I'm trying to wrap my head around the idea of automorphisms, and I'm having a lot of issues.
One of the questions I've been given as an exercise is thus;
Let $\mathbb{V} = \{1, 2, 3, 4, 5, 6\}$ and $\mathbb{B} = \{ \{1, 2, 3\}, \{1, 5, 6\}, \{3, 4, 5\}, \{2, 4, 6\} \}$. Determine $|Aut(\mathbb{V}, \mathbb{B})|$.
With this, I'm a little confused. I've noted that, at least initially, the permutation shifting the blocks is $(1,3,5)(2,4,6)$. If I fix the element $1$, then the permutations $(2,5)(3,6)$ and $(2,6)(3,5)$ also map the blocks to themselves. If I try to fix two elements, I find that I can't find any such automorphism.

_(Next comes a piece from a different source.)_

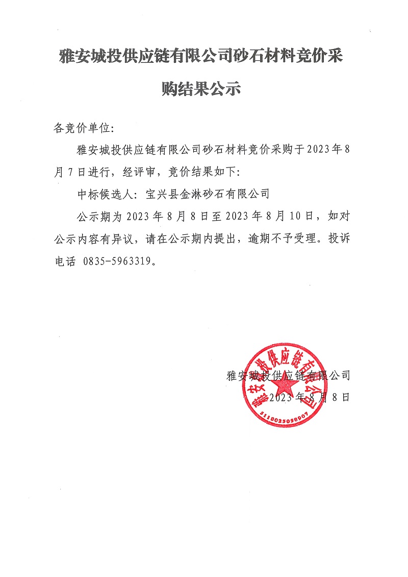 雅安城投供應(yīng)鏈有限公司砂石材料競(jìng)價(jià)采購(gòu)結(jié)果公示

But, I'm not sure where to go from here.
I'm under the impression that I have to use the Orbit-Stabilizer Theorem, but again, my implementation of this is a bit dodgy. If anyone could point me towards some information or areas in which I could read about this topic of group theory within the context of designs, that'd be much appreciated.
You could show that there are only four automorphisms fixing $1$, namely, $(2,5)(4,6)$, $(2,6)(3,5)$, $(2,3)(5,6)$ and the identity. These together with $(1,3,5)(2,4,6)$ generate a transitive group (i.e. there is a single orbit), so by the Orbit-Stabilizer Theorem, the full automorphism group $G$ has order $6 \times 4 = 24$.
It is not clear what exactly they mean by "determine". The three automorphisms you have found generate $G$, so you could say that you have determined it. It would be tedious if they expected you to write down all $24$ permutations.